Rodger had his stitches out yesterday and now has no cone. Yaaaaaaa! The total on his bill dispite getting a $1000 estimate for the surgery was $2675. Maybe he is made of gold. I wouldn't have it any other way.
ROBBYBOBBY64


----------



## ROBBYBOBBY64 (May 24, 2020)

PlaneDiggerCam said:


> I was just curious, how do you collectors with pets prevent your furry friends from accidental knocking over and getting into your finds? Do you have safety measures, maybe a locked off room? I've always wanted a pet, but part of the reason (not the main reason but equally as important) why I haven't gotten one is due to me being afraid of them getting accidentally knocking over stiff or even being cut.
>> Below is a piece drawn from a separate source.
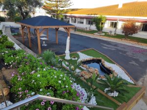 La Residencia se encuentra en pleno centro del municipio de Ayamonte a pocos minutos de cualquier punto de la localidad. En un alto que le proporciona unas inigualables vistas al rio Guadiana y en una parcela que con sus 12.000m2 de superficie. Dispone de jardines para el esparcimiento de los usuarios y una amplia zona de aparcamientos.
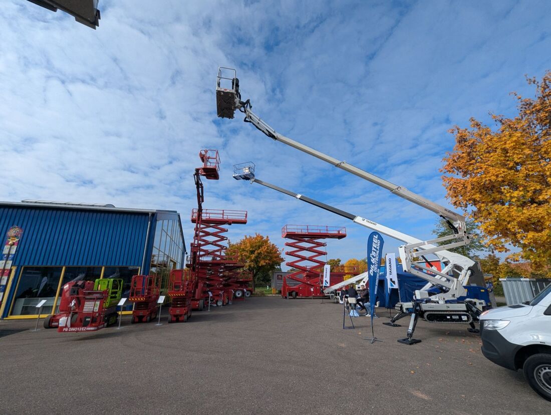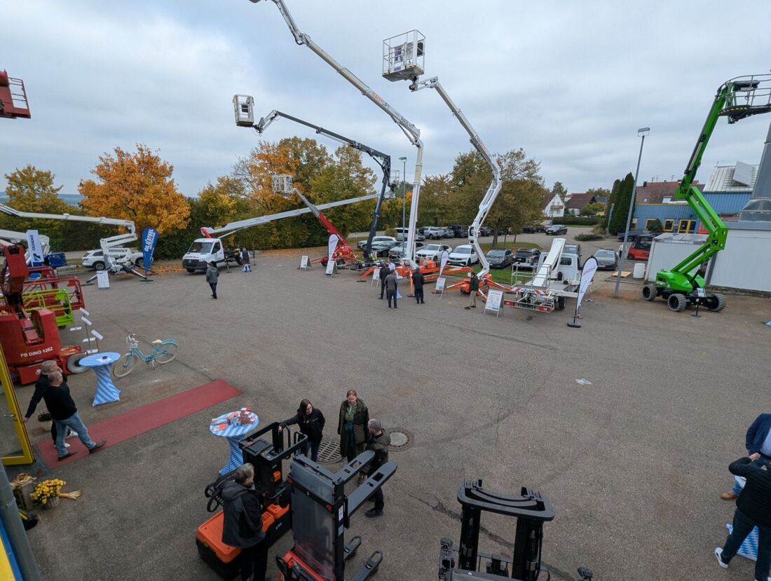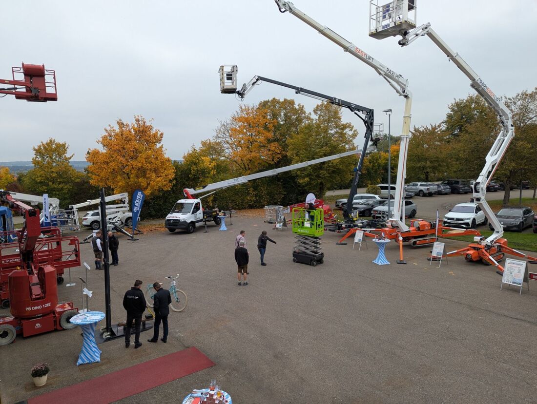Um die zwanzig Aussteller zeigten ihre Exponate in Form von Maschinen, primär Arbeitsbühnen, auch mal ein Teleskoplader, beziehungsweise informierten über ihre Technik und ihre Dienstleistungen wie beispielsweise AIM Accumulatoren, Partnerlift, Mira, GGW und die Targobank.

I don't have any problem with Rodger. He has 2 windows in the bedroom and all 8 windows in the sunroom. I have bottles in all the other windows. He is also past his kitten phase being 13 years old now. He is an old man now.
I guess i have been fortunate to have such a gentle cat. Unless your a bird or mouse, he really doesn't want to know you. Most of my finds are in boxes wrapped in paper in the basement and closet. I still have 12 boxes of stuff to clean in the livingroom. I can't seem to catch up on my cleaning. For every bottle i clean i find 3 more. It's a vicious cycle. 
ROBBYBOBBY64.


----------



## Cola-Coca (May 24, 2020)

Rodger and Niblet, meet Zoey and Puff. They have never damaged anything and tiptoe through my collectibles with ease.


----------



## GlassKitTin (May 24, 2020)

PlaneDiggerCam said:


> I was just curious, how do you collectors with pets prevent your furry friends from accidental knocking over and getting into your finds? Do you have safety measures, maybe a locked off room? I've always wanted a pet, but part of the reason (not the main reason but equally as important) why I haven't gotten one is due to me being afraid of them getting accidentally knocking over stiff or even being cut.



In Niblet’s case, she is very much a pain in the butt, getting onto shelves and windows she’s not supposed to. The one living room window is high and narrow but long, perfect spot for my glass things. The wood burner is situated right near, and in the cold months, when it’s in use, she can’t get into that window. But now that the fire’s out for the warmer months, she gets on top of that stove and then up into the window.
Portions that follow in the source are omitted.